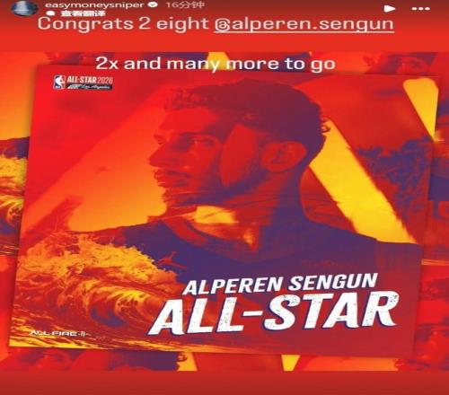 面對申京遞補入選全明星,不僅是火箭隊官方第一時間曬出海報慶祝,一同攜手創造紀錄的杜蘭特也轉發海報恭喜到:“祝賀28號,兩次入選了,以后還會有更多。”
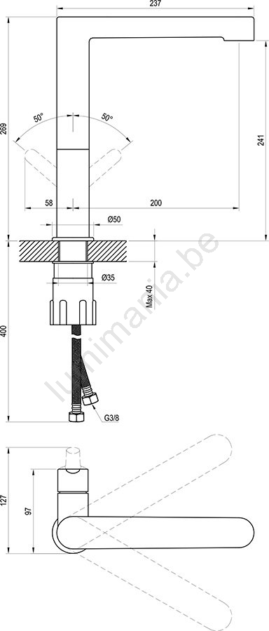 • De kraan wordt geleverd zonder waste en bevat flexibele aansluitslangen van 450 mm lengte met een diameter DN8 b.
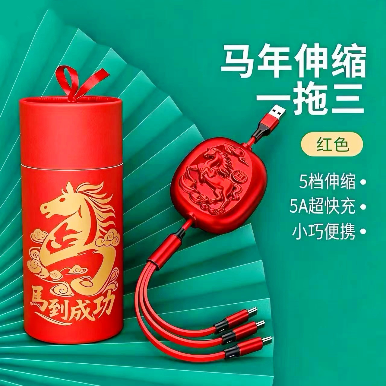 龍年一拉三データ線龍行大運開門紅三合一充電線祥龍送福小プレゼントロゴ
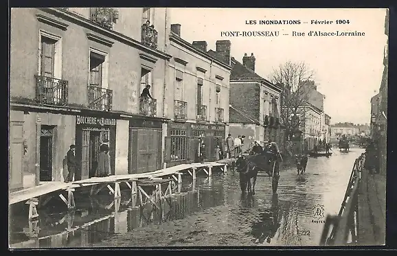 AK Pont-Rousseau, Les Inondations 1904, Rue d`Alsace-Lorraine
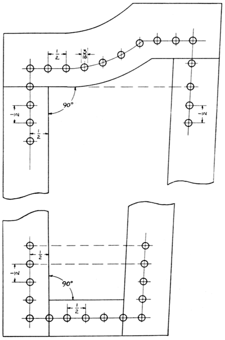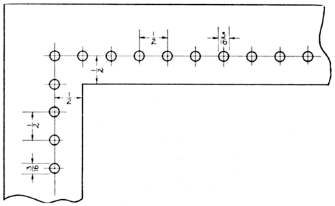 Draw pencil lines entirely around the inner sides of the rails and stiles, ½ in. from the edges. This distance remains constant, usually, on all areas and with canes the various widths. With a pair of dividers set at ¼ in. space off points on the pencil lines, starting from the intersection of the extended lines on each rail. Fig. 3 is a working drawing of a corner, dimensioned as suggested. It will make clearer the directions. It is fundamental that the spacing be done in the same direction on parallel rails, for at times [Pg 10] the last space will be a short ½ in. or whatever dimension is used. In such cases it is necessary to redivide the last several spaces into divisions as near ½ in. as possible. It thus becomes obvious why spacing must be done in one direction as stated. This applies to all rectangular frames.

################

* **Problem details**: Your response must consist of the lines from the beginning of the data through the line containing "AK Pont-Rousseau, Les", transcribed exactly, with no pictures.

* **Solution for this exercise**:
 面對申京遞補入選全明星,不僅是火箭隊官方第一時間曬出海報慶祝,一同攜手創造紀錄的杜蘭特也轉發海報恭喜到:“祝賀28號,兩次入選了,以后還會有更多。”
 • De kraan wordt geleverd zonder waste en bevat flexibele aansluitslangen van 450 mm lengte met een diameter DN8 b.
 龍年一拉三データ線龍行大運開門紅三合一充電線祥龍送福小プレゼントロゴ
 AK Pont-Rousseau, Les Inondations 1904, Rue d`Alsace-Lorraine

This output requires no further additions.